1. Understand the nature of the workload

Blockchain full nodes are typical stateful workloads. They need quite a lot of ram, cpu and disk space. One resource might be overlooked is disk IO. You should be careful if you plan to run Ethereum or EOS full nodes on non-ssd disks. Sharing the same disk by multiple full nodes also might get you into trouble. But sometimes allocating dedicated resource for each full node server might not be economically feasible. So experimenting with different setup and making optimized resource planning will help you building a cluster with better performance.
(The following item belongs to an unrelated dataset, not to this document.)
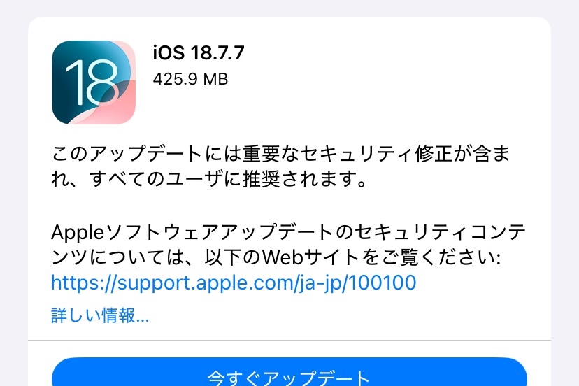 iOS 18やiPadOS 18の対象機種の場合には「設定」→「情報」→「ソフトウェアアップデート」から行います。単体でアップデートする場合のダウンロードサイズは手持ちのiPhone XS MaxでiOS 18.7.6からの場合では425.9MBとなっています。更新は従来通りにiTunesをインストールしたWindowsおよびMacとUSB-Lightningケーブルで接続しても実施できます。Appleが案内しているアップデートの内容およびセキュリティー修正は以下の通り。なお、これまでのAppleの動きからすると、今後もしばらくはiOS 18やiPadOS 18へのセキュリティー修正が継続して提供されると思われます。

We’ll use Parity as an example in this post. Here is a minimal yaml file for the StatefulSet resource:

apiVersion: apps/v1
kind: StatefulSet
metadata:
  labels:
    app: parity-mainnet
  name: parity-mainnet
spec:
  replicas: 1
  serviceName: parity-mainnet
  selector:
    matchLabels:
      app: parity-mainnet
  template:
    metadata:
      labels:
        app: parity-mainnet
    spec:
      containers:
      - args:
        - --jsonrpc-interface=0.0.0.0
        - --ws-interface=0.0.0.0
        - --pruning=fast
        - --pruning-history=128
        - --tracing=on
        - --cache-size=4096
        - --base-path=/home/parity/.local/share/io.parity.ethereum
        - --port=20303
        - --no-ipc
        image: parity/parity:v2.2.11
        imagePullPolicy: IfNotPresent
        name: parity
        volumeMounts:
        - mountPath: /home/parity/.local/share/io.parity.ethereum
          name: parity-mainnet-data
      nodeSelector:
        kubernetes.io/hostname: server01
      volumes:
      - hostPath:
          path: /data/ssd1/parity-mainnet/share/io.parity.ethereum/docker
          type: DirectoryOrCreate
        name: parity-mainnet-data

2. Use local persistent volume instead of hostpath

This is for people running blockchain full nodes on dedicated servers. In cloud environments like GCP or AWS, we could store all the chain data on external disks provided by the cloud provider and let Kubernetes manage the whole lifecycle of volumes.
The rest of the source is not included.